A word-for-word copy of the data is what's wanted; pictures stay out of it.
RECORDS SHOWN section start
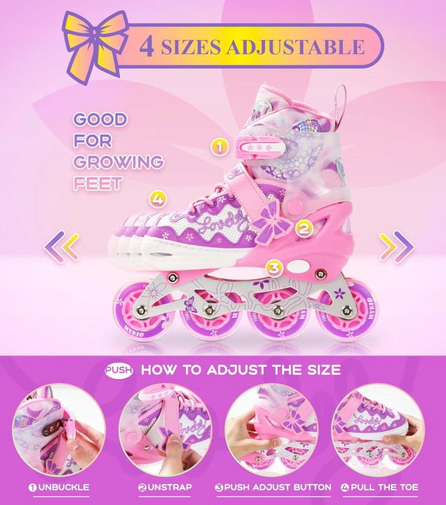 ⭐4 regulowane rozmiary – Nasze rolki mają 4 regulowane rozmiary, dzięki czemu możesz wybrać rozmiar, który Ci odpowiada, a także towarzyszyć dziecku w powolnym wzroście
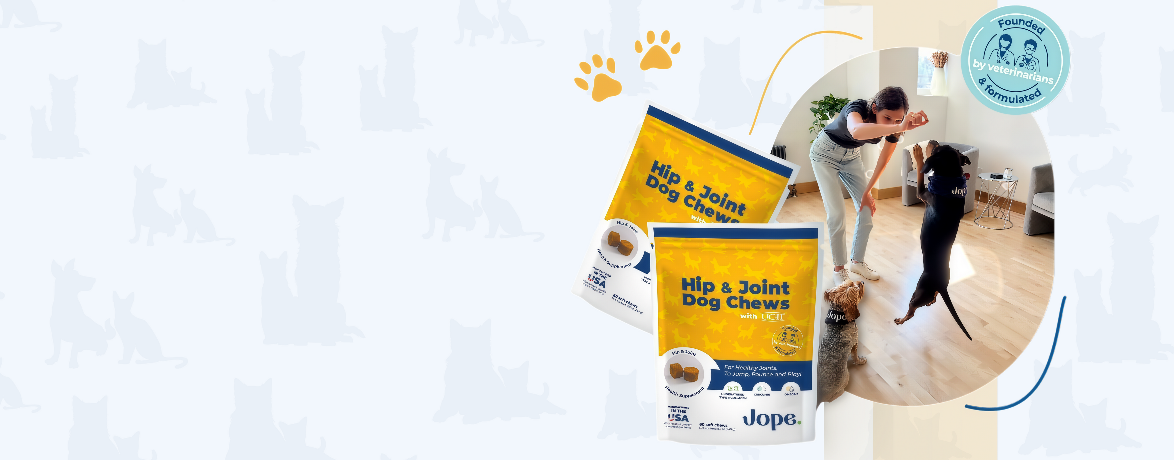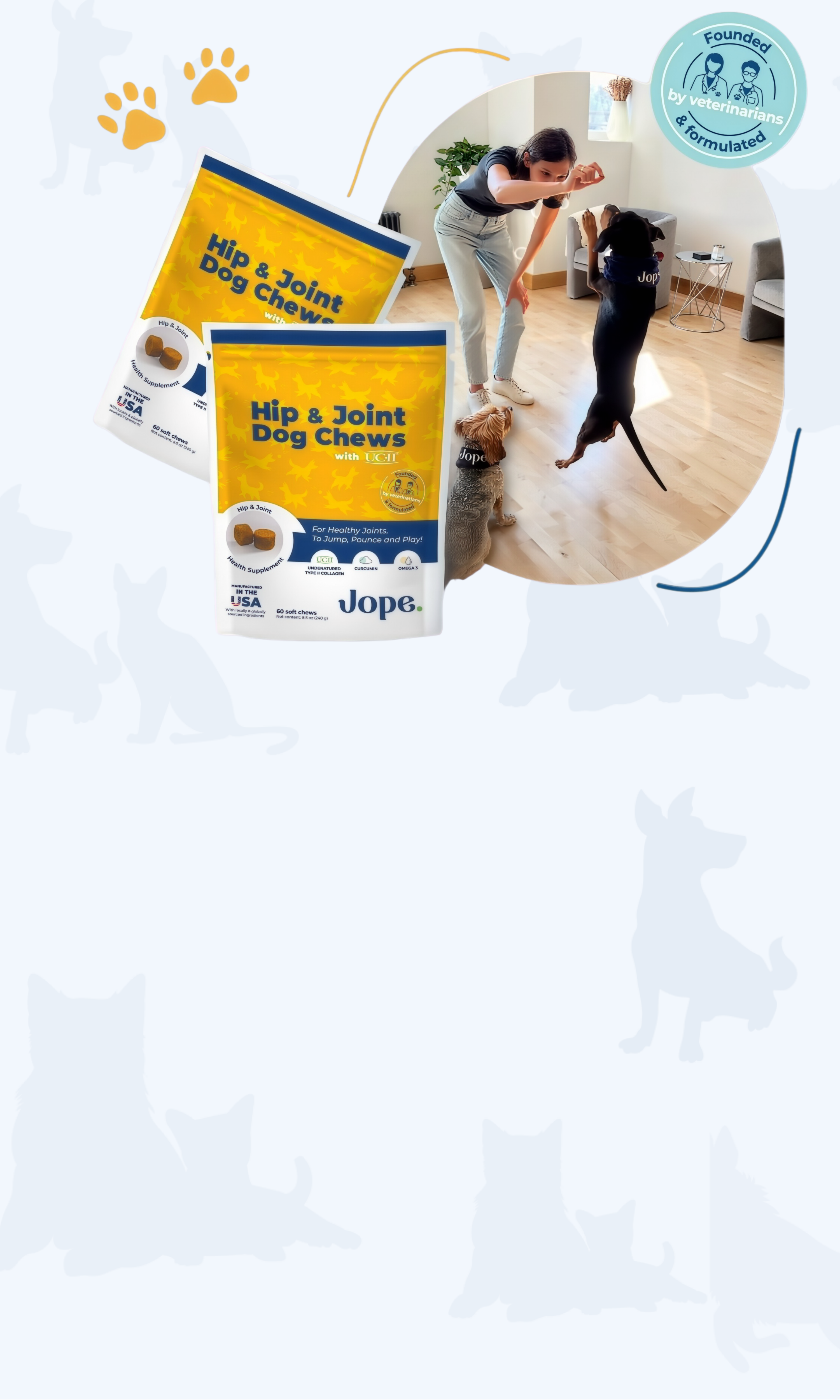 Transform your dog’s life in just 3 weeks! Harness the power of UC-II collagen and experience superior results with greater efficacy than glucosamine and chondroitin. Jope’s hip and joint chews are for every dog.
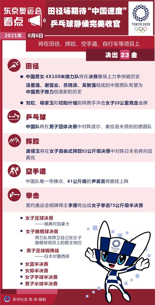 新华社东京8月5日电(记者王恒志 王沁鸥 丁文娴)6日的东京奥运会田径场上有望再次展现“中国速度”,中国男女4X100米接力队将在决赛赛场上力争突破历史,刘虹、杨家玉和切阳什姐则将携手冲击女子20公里竞走金牌。乒乓球将迎来收官战,中国男团志在四连冠。此外在空手道、摔跤等项目上,中国队亦有冲金可能。 中国男女4X100米接力队5日双双闯进决赛,中国男队还以小组第一晋级。6日的决赛赛场,汤星强、谢震业、苏炳添、吴智强组成的中国男队有望为中国男子接力创造新的历史。在札幌举行的女子20公里竞走比赛中,世界纪录保持者杨家玉、卫冕冠军刘虹和老将切阳什姐组成“三保险”,将全力争取卫冕这个项目。 乒乓球项目6日将迎来收官战,中国队将在男子团体决赛中对阵波尔、奥恰洛夫领衔的德国队,卫冕同样是他们的目标。 在其他比赛中,庞倩玉将在女子自由式摔跤53公斤级决赛中对阵日本名将向田真优;在新增项目空手道上,中国队唯一夺牌点、61公斤级的尹笑言将披挂上阵;里约奥运会铜牌得主李倩将出战女子拳击75公斤级半决赛。 6日东京奥运会将在田径、摔跤、空手道、自行车等项目上决出23枚金牌。女足和女子曲棍球将迎来冠军争夺战,瑞典队将和加拿大队争夺女足冠军,荷兰队将捍卫自己在女子曲棍球项目的霸主地位。此外女篮、女排、女子手球和男子水球都将展开半决赛争夺,男子足球将迎来铜牌战,东道主日本队对阵墨西哥队。 |
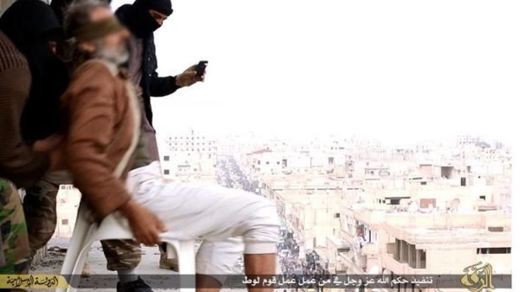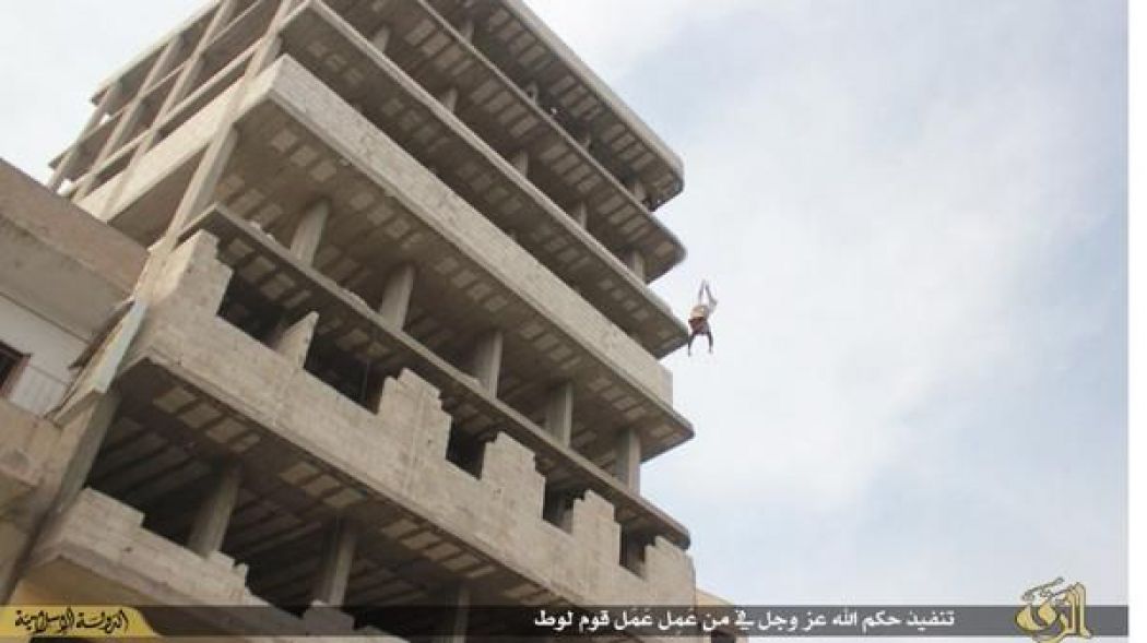 Σε λογαριασμό Twitter του «Ισλαμικού Κράτους” δημοσιοποιήθηκαν και νέες εικόνες από την εφαρμογή του «νόμου του Θεού για την πράξη των σοδομιστών ” όπως ενδεικτικά αναφέρει το συνοδευτικό μήνυμα ανάρτησης.Η ISIS προχώρησε και σε νέα εκτέλεση ατόμου που κατηγορείται για ομοφυλοφιλία .Εφαρμόζοντας τη σαρία τον πετούν από πολυόροφο κτίριο.Δεν διευκρινίζεται ο τόπος όπου έλαβε χώρα το γεγονός.Πάντως προηγούμενες εκετλέσεις έγιναν στο Ιράκ.
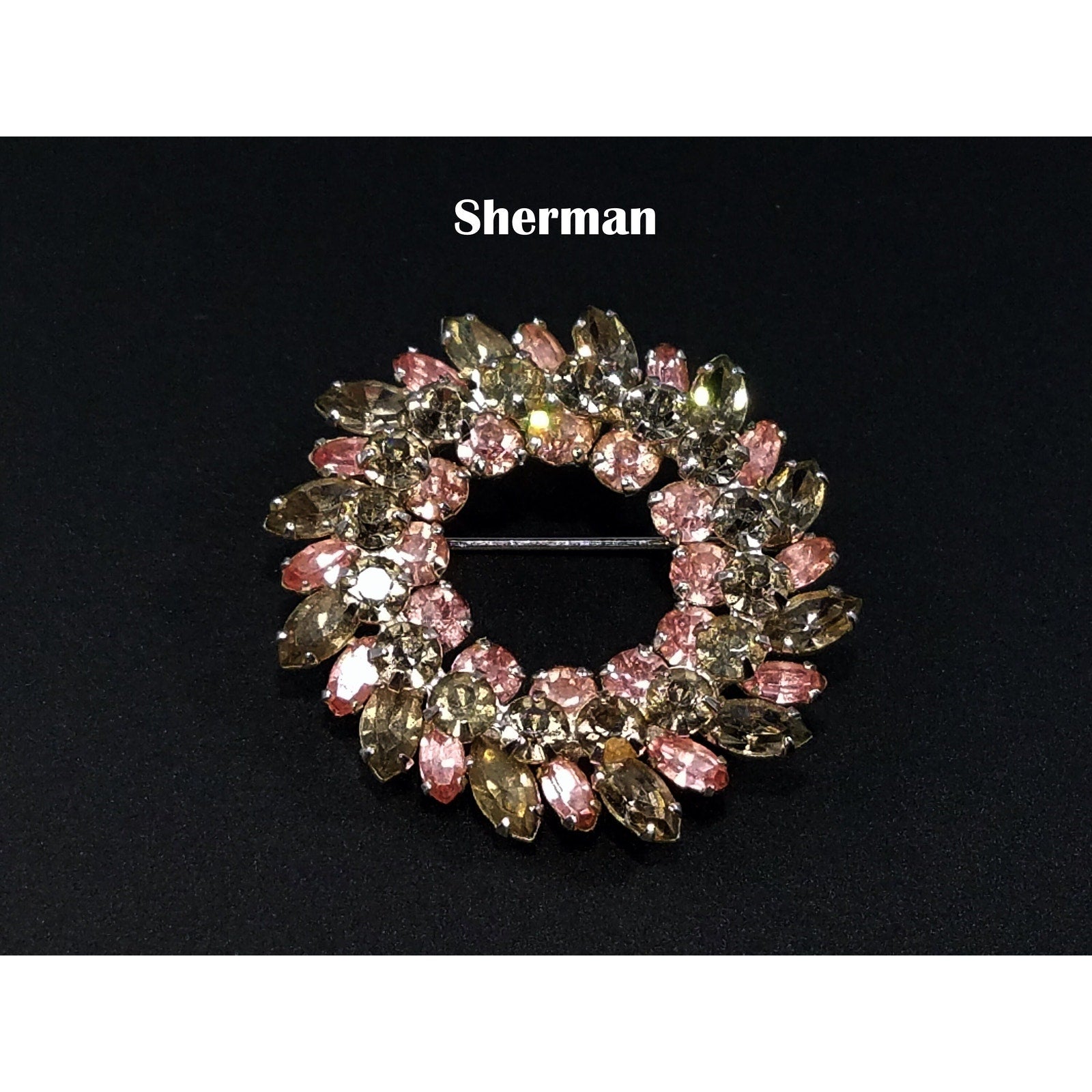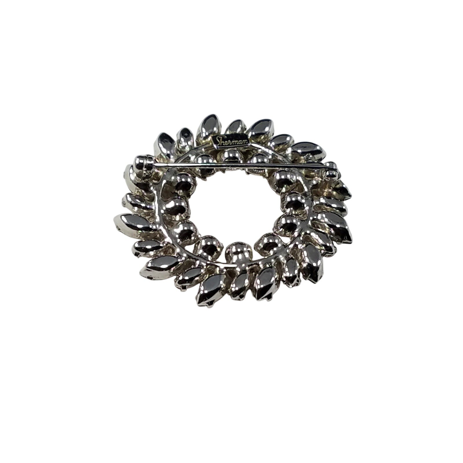 This mid-century Sherman rhinestone wreath brooch glimmers with quiet elegance. Designed in the 1950s and signed Sherman, it features layers of soft pink and smoky gray crystals arranged in a wreath-style motif. Each stone is prong-set in a brilliant rhodium-plated setting that enhances the cool, icy sparkle.
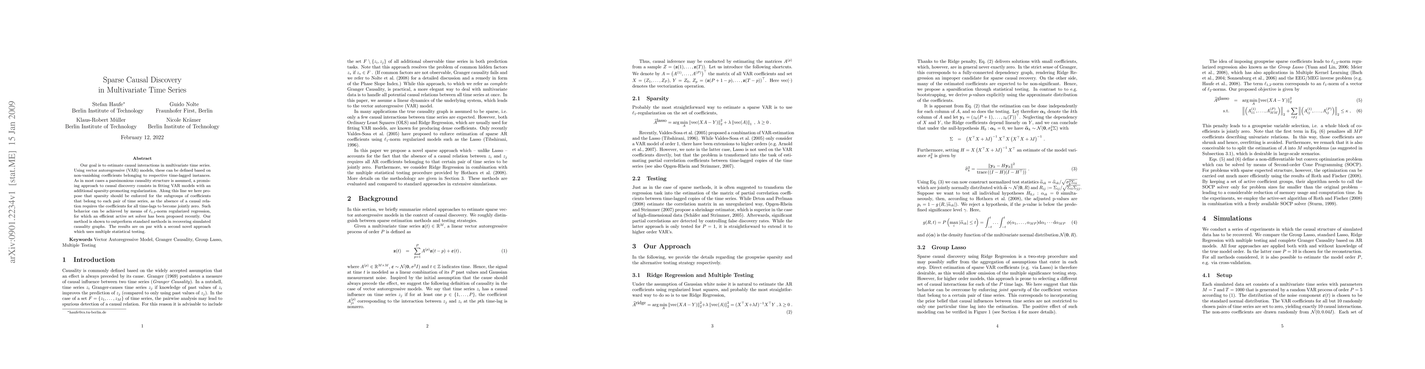 This paper proposes a method for estimating causal interactions in multivariate time series using vector autoregressive models with sparsity-promoting regularization. The method enforces sparsity for subgroups of coefficients to identify non-causal relationships, achieving better performance than standard methods in simulated tests.
RECORDS SHOWN section end
**TASK RESULT:**
 ⭐4 regulowane rozmiary – Nasze rolki mają 4 regulowane rozmiary, dzięki czemu możesz wybrać rozmiar, który Ci odpowiada, a także towarzyszyć dziecku w powolnym wzroście
 Transform your dog’s life in just 3 weeks! Harness the power of UC-II collagen and experience superior results with greater efficacy than glucosamine and chondroitin. Jope’s hip and joint chews are for every dog.
 新华社东京8月5日电(记者王恒志 王沁鸥 丁文娴)6日的东京奥运会田径场上有望再次展现“中国速度”,中国男女4X100米接力队将在决赛赛场上力争突破历史,刘虹、杨家玉和切阳什姐则将携手冲击女子20公里竞走金牌。乒乓球将迎来收官战,中国男团志在四连冠。此外在空手道、摔跤等项目上,中国队亦有冲金可能。 中国男女4X100米接力队5日双双闯进决赛,中国男队还以小组第一晋级。6日的决赛赛场,汤星强、谢震业、苏炳添、吴智强组成的中国男队有望为中国男子接力创造新的历史。在札幌举行的女子20公里竞走比赛中,世界纪录保持者杨家玉、卫冕冠军刘虹和老将切阳什姐组成“三保险”,将全力争取卫冕这个项目。 乒乓球项目6日将迎来收官战,中国队将在男子团体决赛中对阵波尔、奥恰洛夫领衔的德国队,卫冕同样是他们的目标。 在其他比赛中,庞倩玉将在女子自由式摔跤53公斤级决赛中对阵日本名将向田真优;在新增项目空手道上,中国队唯一夺牌点、61公斤级的尹笑言将披挂上阵;里约奥运会铜牌得主李倩将出战女子拳击75公斤级半决赛。 6日东京奥运会将在田径、摔跤、空手道、自行车等项目上决出23枚金牌。女足和女子曲棍球将迎来冠军争夺战,瑞典队将和加拿大队争夺女足冠军,荷兰队将捍卫自己在女子曲棍球项目的霸主地位。此外女篮、女排、女子手球和男子水球都将展开半决赛争夺,男子足球将迎来铜牌战,东道主日本队对阵墨西哥队。 |
 Σε λογαριασμό Twitter του «Ισλαμικού Κράτους” δημοσιοποιήθηκαν και νέες εικόνες από την εφαρμογή του «νόμου του Θεού για την πράξη των σοδομιστών ” όπως ενδεικτικά αναφέρει το συνοδευτικό μήνυμα ανάρτησης.Η ISIS προχώρησε και σε νέα εκτέλεση ατόμου που κατηγορείται για ομοφυλοφιλία .Εφαρμόζοντας τη σαρία τον πετούν από πολυόροφο κτίριο.Δεν διευκρινίζεται ο τόπος όπου έλαβε χώρα το γεγονός.Πάντως προηγούμενες εκετλέσεις έγιναν στο Ιράκ.
 This mid-century Sherman rhinestone wreath brooch glimmers with quiet elegance. Designed in the 1950s and signed Sherman, it features layers of soft pink and smoky gray crystals arranged in a wreath-style motif. Each stone is prong-set in a brilliant rhodium-plated setting that enhances the cool, icy sparkle.
 This paper proposes a method for estimating causal interactions in multivariate time series using vector autoregressive models with sparsity-promoting regularization. The method enforces sparsity for subgroups of coefficients to identify non-causal relationships, achieving better performance than standard methods in simulated tests.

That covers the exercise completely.